- Sarai Jattan Location in Punjab, India Sarai Jattan Sarai Jattan (India)
- Coordinates: 31°15′31″N 75°11′26″E﻿ / ﻿31.258526°N 75.190427°E
- Country: India
- State: Punjab
- District: Kapurthala

Government
- • Type: Panchayati raj (India)
- • Body: Gram panchayat

Languages
- • Official: Punjabi
- • Other spoken: Hindi
- Time zone: UTC+5:30 (IST)
- PIN: 144626
- Telephone code: 01828
- ISO 3166 code: IN-PB
- Vehicle registration: PB-41
- Website: kapurthala.gov.in

= Sarai Jattan =

Sarai Jattan is a village in Sultanpur Lodhi tehsil in Kapurthala district of Punjab, India. It is located 6 km from the city of Sultanpur Lodhi, 30 km away from district headquarter Kapurthala. The village is administrated by a Sarpanch, who is an elected representative.

== Demography ==
According to the report published by Census India in 2011, Sarai Jattan has 136 houses with the total population of 678 persons of which 336 are male and 342 females.
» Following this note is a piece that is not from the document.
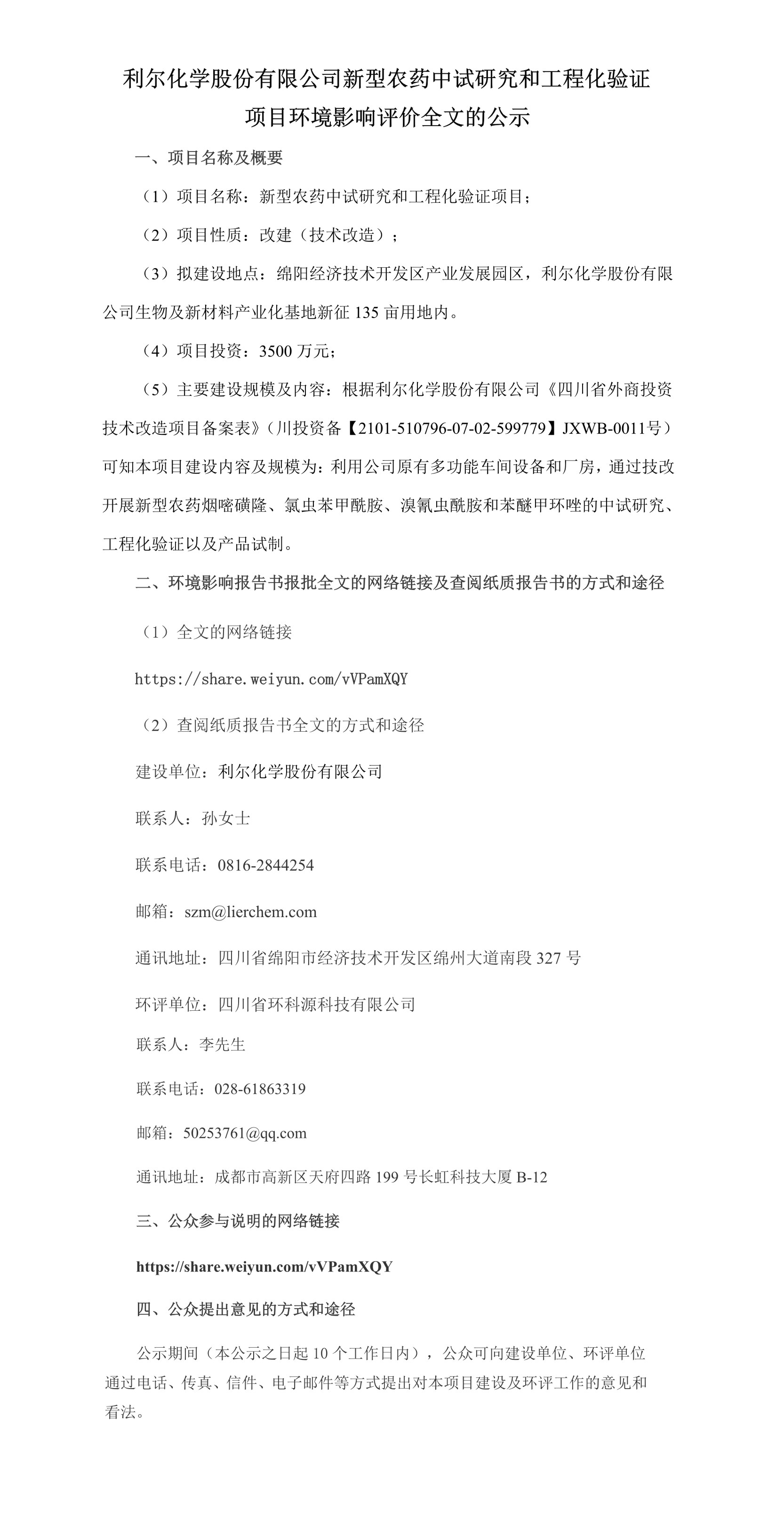 廣安利爾化學有限公司電纜公招采購中標公示 項目名稱廣安利爾化學有限公司技改擴能及配套設施建設用電纜采購項目業(yè)主廣安利爾化學有限公司...

Literacy rate of Sarai Jattan is 68.14%, lower than the state average of 75.84%. The population of children in the age group 0–6 years is 91 which is 13.42% of the total population. Child sex ratio is approximately 1022, higher than the state average of 846.

== Population data ==

| Particulars | Total | Male | Female |
|---|---|---|---|
| Total No. of Houses | 136 | - | - |
| Population | 678 | 336 | 342 |
| Child (0–6) | 91 | 45 | 46 |
| Schedule Caste | 286 | 148 | 138 |
| Schedule Tribe | 0 | 0 | 0 |
| Literacy | 68.14 % | 74.23 % | 62.16 % |
| Total Workers | 219 | 176 | 43 |
| Main Worker | 161 | 0 | 0 |
| Marginal Worker | 58 | 33 | 25 |

== Work Profile ==
In Sarai Jattan village out of total population, 219 were engaged in work activities. 73.52% of workers describe their work as Main Work (Employment or Earning more than 6 Months) while 26.48% were involved in Marginal activity providing livelihood for less than 6 months. Of 219 workers engaged in Main Work, 71 were cultivators (owner or co-owner) while 50 were Agricultural labourer.

== Caste ==
In Sarai Jattan village, most of the villagers are from Schedule Caste (SC). Schedule Caste (SC) constitutes 42.18% of total population in Sarai Jattan village. The village Sarai Jattan currently doesn't have any Schedule Tribe (ST) population.

==List of cities near the village==
- Bhulath
- Kapurthala
- Phagwara
- Sultanpur Lodhi

==Air travel connectivity==
The closest International airport to the village is Sri Guru Ram Dass Jee International Airport.